Частная коллекция (Симонов) - страница 63

В той давней жизни мы были не просто «ленивы и нелюбопытны». Мы были советским народом. А эта общность — как остров, который, куда ни помести, живет по своим законам, тупо и наглухо задраивая окна в окружающую действительность. Вот уж воистину прав Ежи Лец: «Вчера мне приснилась действительность. Боже, с каким облегчением я проснулся». У нас не было друзей среди иностранцев, только контрпары. Да, да, они и у себя на родине оставались для нас иностранцами!
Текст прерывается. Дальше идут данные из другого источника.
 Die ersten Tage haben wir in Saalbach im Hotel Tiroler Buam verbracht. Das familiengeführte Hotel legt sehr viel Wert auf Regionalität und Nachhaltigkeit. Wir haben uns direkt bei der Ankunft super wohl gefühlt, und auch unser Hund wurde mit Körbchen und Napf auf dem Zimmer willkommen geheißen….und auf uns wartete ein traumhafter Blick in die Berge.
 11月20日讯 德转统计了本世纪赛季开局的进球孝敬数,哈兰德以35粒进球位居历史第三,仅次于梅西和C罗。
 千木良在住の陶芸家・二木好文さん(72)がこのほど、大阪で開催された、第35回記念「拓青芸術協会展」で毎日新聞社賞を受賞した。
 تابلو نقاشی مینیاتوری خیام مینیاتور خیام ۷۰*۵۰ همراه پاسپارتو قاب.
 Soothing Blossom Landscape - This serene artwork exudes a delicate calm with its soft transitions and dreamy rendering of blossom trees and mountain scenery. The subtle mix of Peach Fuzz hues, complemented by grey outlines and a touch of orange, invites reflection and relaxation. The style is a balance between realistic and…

Когда в 65-м я попытался написать очерк о своей работе в Индонезии, я не смог продвинуться дальше первой страницы: все мои примеры были непроходимы, подрывали основы, казались даже мне самому жуткой пародией на советского человека, издевательством и очернительством.


В загородном бассейне.

Мы с девочками-переводчицами сталкиваем друг друга с бортика в воду. Подходит парень, улыбается, фотографирует.

Потемкин:

— А потом они наши фотографии в своих газетах напечатают?!

Пасюта:

— Сейчас я им сделаю… Правда, у меня пленка не заряжена, но нахальство же...
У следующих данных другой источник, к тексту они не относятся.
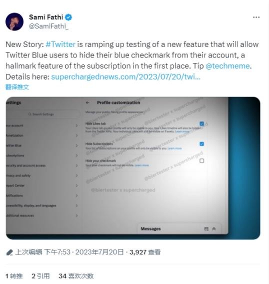 媒體今年 3 月報道,推特即將為 Twitter Blue 用戶推出個性化服務,允許隱藏藍 V 徽章。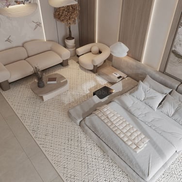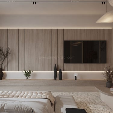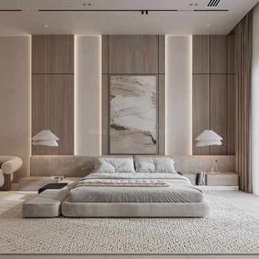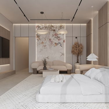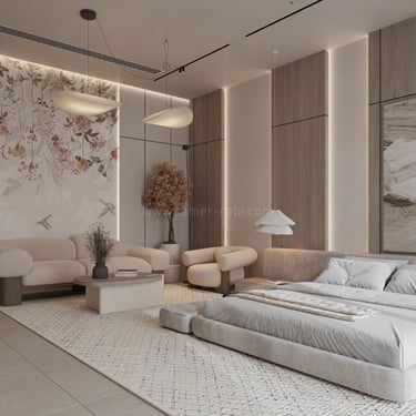 A serene bedroom interior defined by warm wood wall panels, soft neutral furnishings, and integrated ambient lighting. A decorative floral feature wall behind the lounge seating, sculptural pendant lights, and minimalist furniture create a calm and elegant contemporary atmosphere.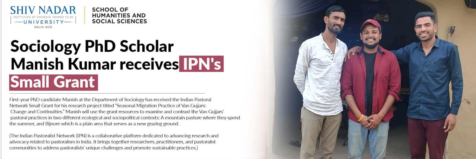 Sociology PhD Scholar Manish Kumar receives IPN’s Small Grant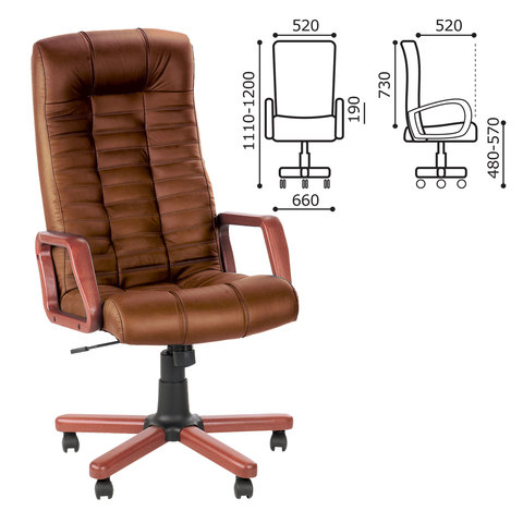 Кресло офисное "Atlant extra", кожа, дерево, коричневое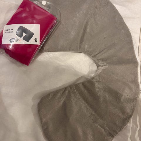 Deilig reisesett i bomull med et teppe/sjal/skjerf og øye maske fra The White Company London. Kommer i pen bag med håndtak tilpasset koffert. Bagen med innhold kan også brukes som en liten pute på reisen.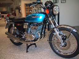 The first big ride was exciting, the two stroke engine and small light bike made for a great deal of riding fun, after about half an hour of trying it out I lost power. I decided to baby it home to see what it was and turned homeward. A few minutes later another loss of power and this time there was no babying home, I was stuck. I needed a trailer to get the newly fixed and tuned bike home, how embarrassing. I called Michael who came over to check out the damage. Two pistons (out of three) had a hole melted in the top of them. Of course that was a source of great amusement for my friends. "How many pistons does it take to repair a GT 380?" was the question asked of me regularly. Of course the answer is five as I had to buy two more after that first ride. Another good joke was my anti-theft device, melting pistons.......Ha Ha.

Берет аппарат. Идет. Возвращается:

— 0:0 в нашу пользу. Он, оказывается, нас тоже без пленки щелкал.

Потемкин:

— Правильно, расквитались. А то они бы о всей нашей группе плохо подумали. И потом, тут всякие русские… и невозвращенцы с женами, русскими и индонезийками… Правильно!


***

Мужики всего стесняются. Спрашивают шепотом: а кокос-то мы попробуем? Что ж, что мы в черных трусах! А разве нельзя пешком в посольство пройтись? А в ботанический сад нас не свозят?


***

На вечере дружбы.

Какой-то мальчик робко: где бы встретиться? Но я же не могу дать даже номер телефона — это категорически запрещено шефом, чтоб вам всем…


***

Если советский человек за рубежом был отдельной песней, то бдительность была постоянным припевом этой песни.


Мы просыпаемся. Собственно, просыпаюсь я, а начальство уже бдит. Пухлое, рыхлое его лицо, с прилипшими от пота соломенными волосами еще хранит след ночной сласти. Значит, воды опять нет. Солнце еще не добралось до нашего засетченного окна, так что пока сравнительно прохладно: каких-нибудь 26—27. (…)

Я встаю. Спать приходится вразборку, чтобы один член другого не касался, иначе в месте соприкосновения становится мокро. Поэтому кровать еще хранит мой мокрый силуэт в позе статуи бегуна.

— Сегодня поедешь со мной в контору, — говорит начальство.

— На Германе?

— Да. Знаешь, мне за него вчера была буча.

— За него?

— Зачем взяли на работу? Ну, я им ответил! Я говорю: у вас Лапин есть — отдел кадров, а они мне… так я им… В общем, как уедем, его уволят.

— За что?

— А он до нас, оказывается, работал знаешь у кого?